30.000 woorden van Charlie
Kaat Vrancken
30.000 woorden van Charlie
Amsterdam · Antwerpen Em. Querido’s Uitgeverij bv 2011
Met speciale dank aan mijn redacteur, Belle Kuijken.
www.queridojeugdboeken.nl Copyright © 2011 Kaat Vrancken Niets uit deze uitgave mag worden verveelvoudigd en /of openbaar gemaakt, in enige vorm of op welke wijze ook, zonder voorafgaande schriftelijke toestemming van Em. Querido’s Uitgeverij bv, Singel 262, 1016 ac Amsterdam. Omslag Maarten Deckers isbn 978 90 451 1242 8 / nur 285
Voor Hannah
Inschrijvingsformulier Schrijfmarathon Naam: Charlie Jansen Leeftijd: 16 Klas: 502 B Leerkracht: Mevrouw Sarah Hendrickx Ik, Charlie Jansen beloof een verhaal van 30.000 woorden te schrijven gedurende 1 maand (ca. 1000 woorden per dag).
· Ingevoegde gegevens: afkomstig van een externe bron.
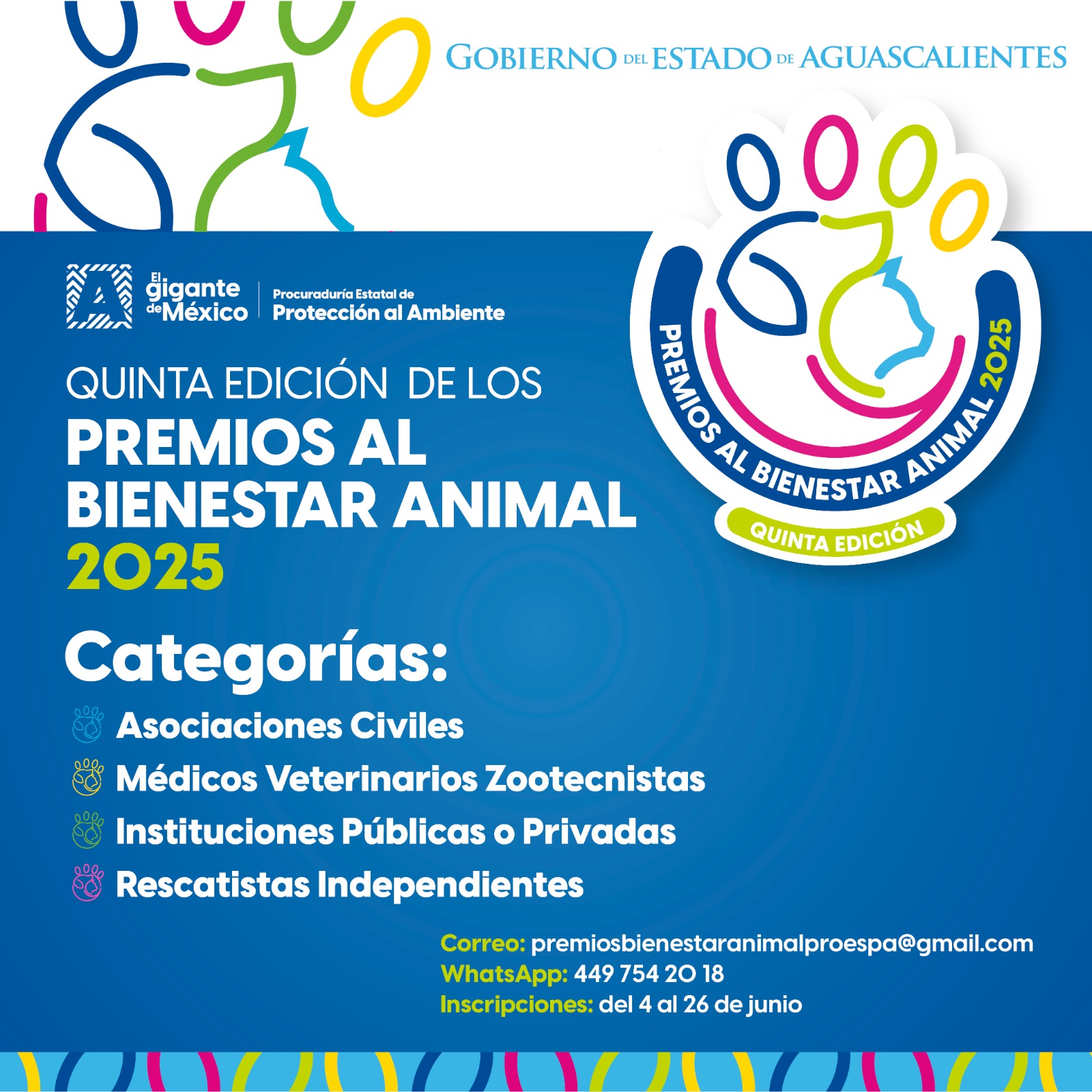 Para postularse u obtener mayores informes, las y los interesados pueden enviar un correo electrónico a premiosbienestaranimalproespa@gmail.com, o vía WhatsApp al número 449 754 20 18.
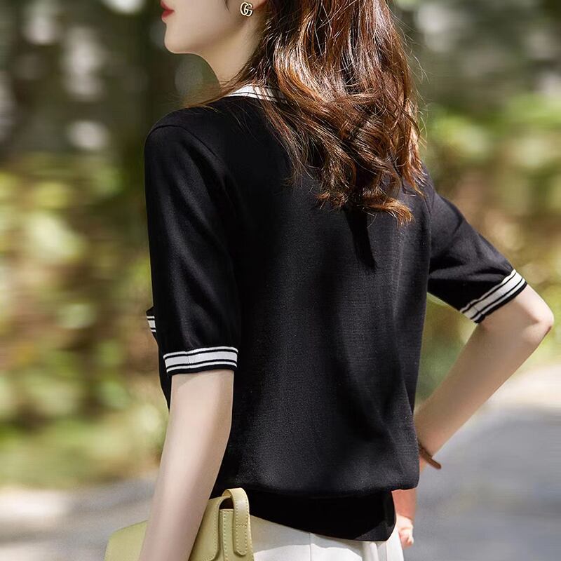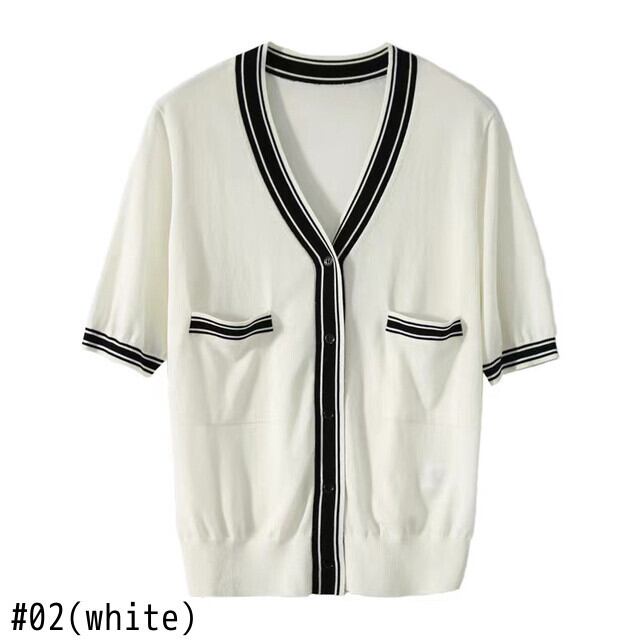 白黒カーディガンニットトップス夏服 Tシャツ V ネック半袖 Tシャツ Tシャツ ショート ホワイト ブラック ハーフスリーブ サマー 夏物 Vネック

Opgeven staat niet in het woordenboek van de Schrijfmarathon. Als ik dit toch doe, mogen mijn klasgenoten mij een week lang aanspreken met: Luilak, Lafaard en Spelbreker. Uiteraard wil ik de doelstelling van de schrijfgroep niet in gevaar brengen en doe ik er alles aan om mijn 30.000 woorden te behalen. Leuk: • ik hoef mij niets aan te trekken van grammaticale regels, zinsbouw en woordkeuze • ik mag zelfs dt-fouten maken • ik hoef mijn verhaal aan niemand te laten lezen als ik dat niet wil
Handtekening Datum: Charlie Jansen 28 april Handtekening getuige
S. Hendrickx Startdatum: 1
mei Einddatum: 31 mei
Dag 1 Tip van Sarah: Je weet niet waar te beginnen? Begin om ’t even waar in je verhaal. Er bestaat geen fout begin. Go for it!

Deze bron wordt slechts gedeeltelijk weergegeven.